> _Work instruction_: Set down each entry below exactly as written, keeping the pictures out.
BEGIN Provided entries
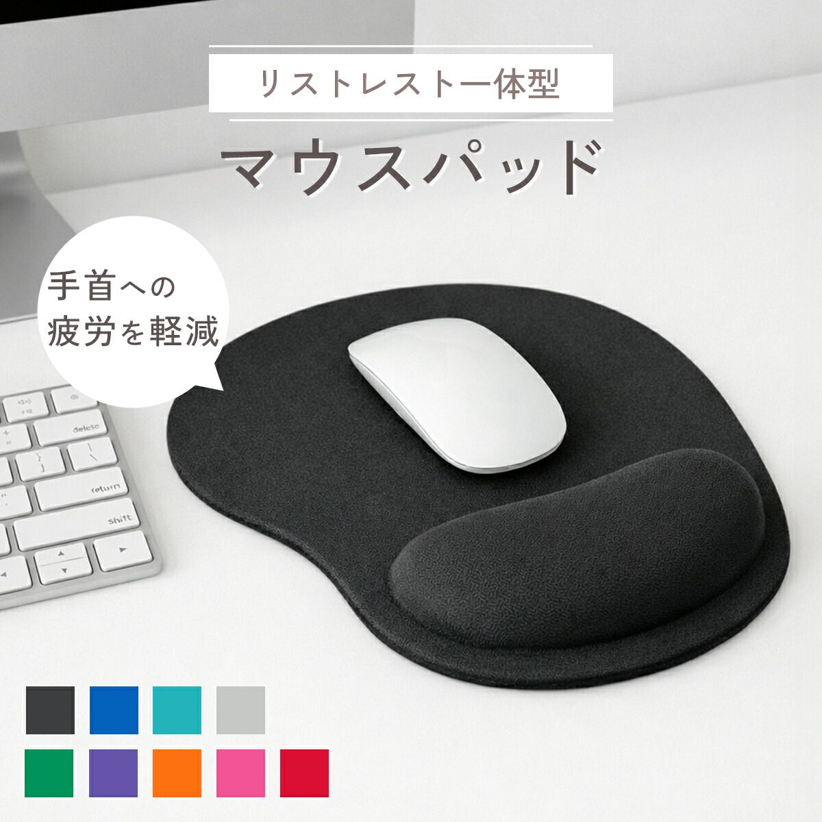 マウスパッド リストレスト 可愛い ゲーミング 手首 クッション 薄い 薄型 光学式 レーザー 疲労軽減 パソコン 周辺機器 おしゃれ シンプル 小さめ 小さい 疲れない 丸 無地
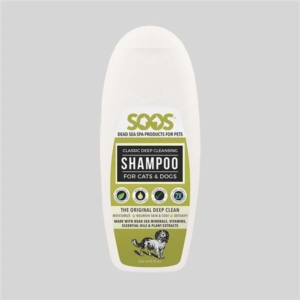 Harsh chemicals in most pet shampoos strip away natural oils leaving your cat or dog's skin and coat dry. brittle and damaged. Our classic formula provides deep cleansing and detoxifying properties that moisturize your pet's hair and skin and improve overall health. Soos Natural Deep Cleansing Shampoo combines all of the exclusive benefits of Dead Sea minerals with the natural antioxidant. antiseptic and antibacterial properties of coconut oil. lemon extract. orange oil. tea tree oil. lavender oil and honey to gently clean. calm and cleanse your pet's skin and coat.FeaturesDeep cleans. detoxifies & purifies.Cleans fur without stripping natural oils.Penetrates hair and skin to deeply hydrate.Nourishes skin and coat with vitamins. minerals and essential oils.Made with natural antioxidants. antiseptics & antibacterials.Fortified with Dead Sea salts. coconut oil. lemon extract. orange oil. tea tree oil. lavender oil and honey.Boosts immunity.Paraben and SLS (Sulphate) free.Minimum 5:1concentrated.Safe and great for use on humans and animals.Cruelty Free – NO testing on animals.pH balanced for dogs & cats.Natural ingredients.Size – 250ml/8.45 oz.
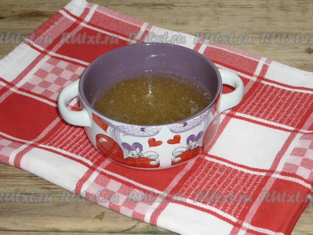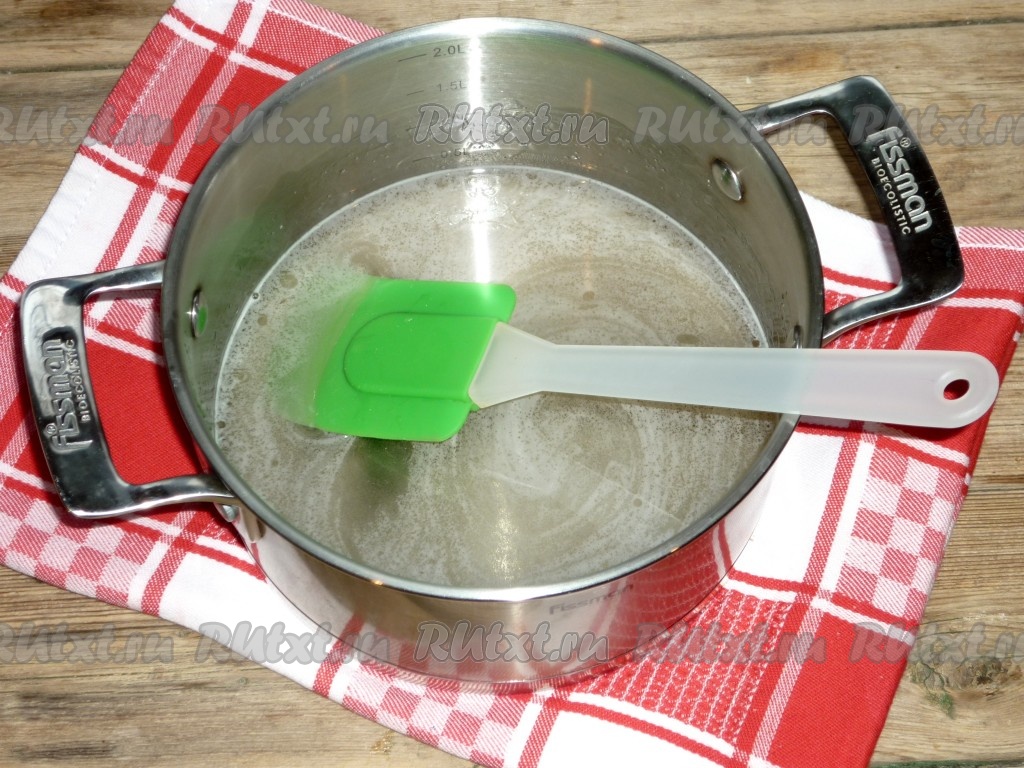 Снять сироп с огня, дать ему немного остыть. К этому времени желатин уже должен набухнуть. Добавить набухший желатин в горячий сироп, тщательно перемешать, поставить на средний огонь и, перемешивая, прогреть до растворения кристалликов желатина. Очень важно, чтобы желатин растворился, но смесь сиропа и желатина не должна закипеть.
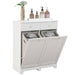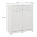 Give dirty laundry a cool collection spot: this HOMCOM tilt out laundry hamper. In a clean cut boxy shape - white in colour - this is a modern and versatile piece welcome for practically any style interior. Pull the handle on the bottom doors to reveal two 52 x 32cm hampers - keep dirty garments separated how you see fit. The small drawers above are for smaller items. Attach this bathroom laundry storage unit to a wall safely with the included anti-tipping straps.
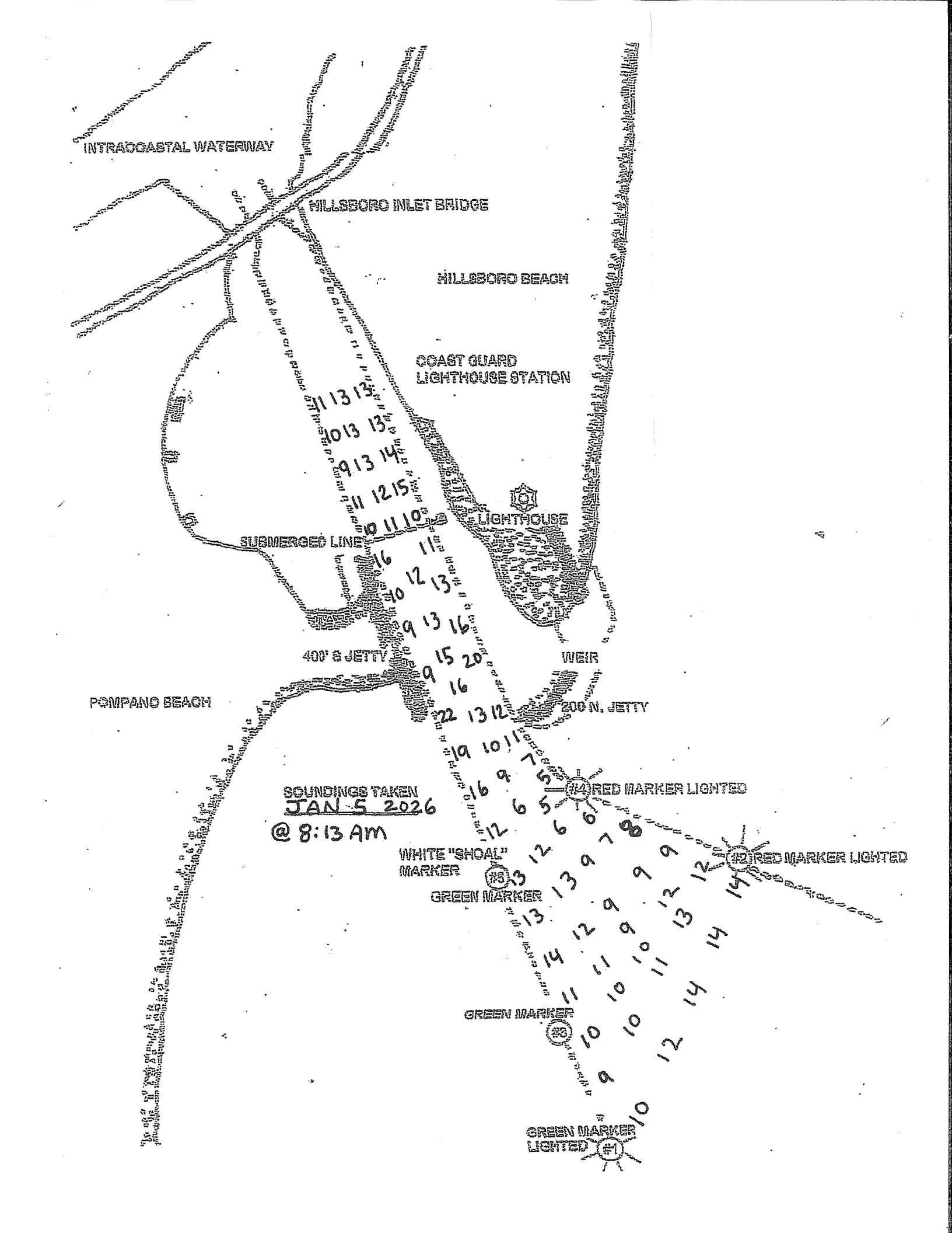 Depth soundings taken from Hillsboro Inlet on January 5, 2026. Please note the following cautions when reading this information:
END Provided entries
> _Solution to this exercise_:
 マウスパッド リストレスト 可愛い ゲーミング 手首 クッション 薄い 薄型 光学式 レーザー 疲労軽減 パソコン 周辺機器 おしゃれ シンプル 小さめ 小さい 疲れない 丸 無地
 Harsh chemicals in most pet shampoos strip away natural oils leaving your cat or dog's skin and coat dry. brittle and damaged. Our classic formula provides deep cleansing and detoxifying properties that moisturize your pet's hair and skin and improve overall health. Soos Natural Deep Cleansing Shampoo combines all of the exclusive benefits of Dead Sea minerals with the natural antioxidant. antiseptic and antibacterial properties of coconut oil. lemon extract. orange oil. tea tree oil. lavender oil and honey to gently clean. calm and cleanse your pet's skin and coat.FeaturesDeep cleans. detoxifies & purifies.Cleans fur without stripping natural oils.Penetrates hair and skin to deeply hydrate.Nourishes skin and coat with vitamins. minerals and essential oils.Made with natural antioxidants. antiseptics & antibacterials.Fortified with Dead Sea salts. coconut oil. lemon extract. orange oil. tea tree oil. lavender oil and honey.Boosts immunity.Paraben and SLS (Sulphate) free.Minimum 5:1concentrated.Safe and great for use on humans and animals.Cruelty Free – NO testing on animals.pH balanced for dogs & cats.Natural ingredients.Size – 250ml/8.45 oz.
 Снять сироп с огня, дать ему немного остыть. К этому времени желатин уже должен набухнуть. Добавить набухший желатин в горячий сироп, тщательно перемешать, поставить на средний огонь и, перемешивая, прогреть до растворения кристалликов желатина. Очень важно, чтобы желатин растворился, но смесь сиропа и желатина не должна закипеть.
 Give dirty laundry a cool collection spot: this HOMCOM tilt out laundry hamper. In a clean cut boxy shape - white in colour - this is a modern and versatile piece welcome for practically any style interior. Pull the handle on the bottom doors to reveal two 52 x 32cm hampers - keep dirty garments separated how you see fit. The small drawers above are for smaller items. Attach this bathroom laundry storage unit to a wall safely with the included anti-tipping straps.
 Depth soundings taken from Hillsboro Inlet on January 5, 2026. Please note the following cautions when reading this information:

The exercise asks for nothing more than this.